The autopilot took around 70miles to activate (also the reason I drove so much today). It activated after a short stop at home, and worked flawlessly for a while. But after a couple of trips, suddenly it disappeared again and now is the same as before activation: just gone. Even in the exactly same roads it was working before. ??? Should I worry about this or is something that can happen, maybe a re-calibration?


----------



## SoFlaModel3 (Apr 15, 2017)

Welcome to the club!!

I believe 2018.14.13 is the latest version, or at least the latest wide release version so you should be good. That said, I received updates 2 days in a row, so don’t be alarmed if that ever happens as well. 

I didn’t have autopilot disappear after calibrating, so I can’t speak to that one unfortunately.


----------



## Joaquin (Jan 15, 2018)

This morning in my commute to work Autopilot did not activate.
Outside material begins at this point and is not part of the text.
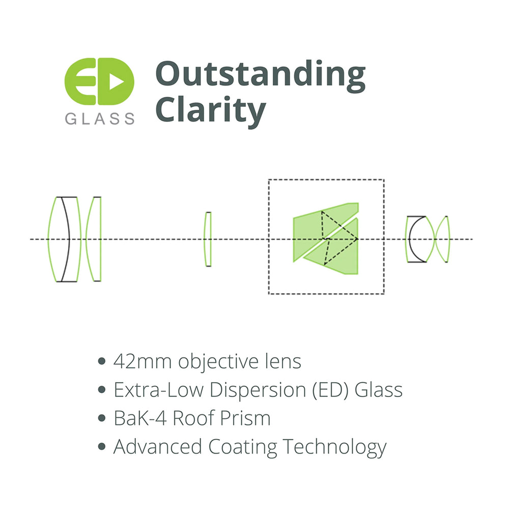 Lightweight and waterproof binoculars featuring ED glass and premium construction.

I did a reset at work (pressing brake + 2 round buttons), and at lunch I went out. Autopilot worked fined then.
After lunch, same streets back to work, autopilot was not activated again...

Maybe I should contact Tesla in case they can do a remote check? What is the best communication channel for this?


----------



## SoFlaModel3 (Apr 15, 2017)

Joaquin said:


> This morning in my commute to work Autopilot did not activate. I did a reset at work (pressing brake + 2 round buttons), and at lunch I went out. Autopilot worked fined then.
> After lunch, same streets back to work, autopilot was not activated again...
> 
> Maybe I should contact Tesla in case they can do a remote check? What is the best communication channel for this?


Call support at ‭(877) 798-3752‬


----------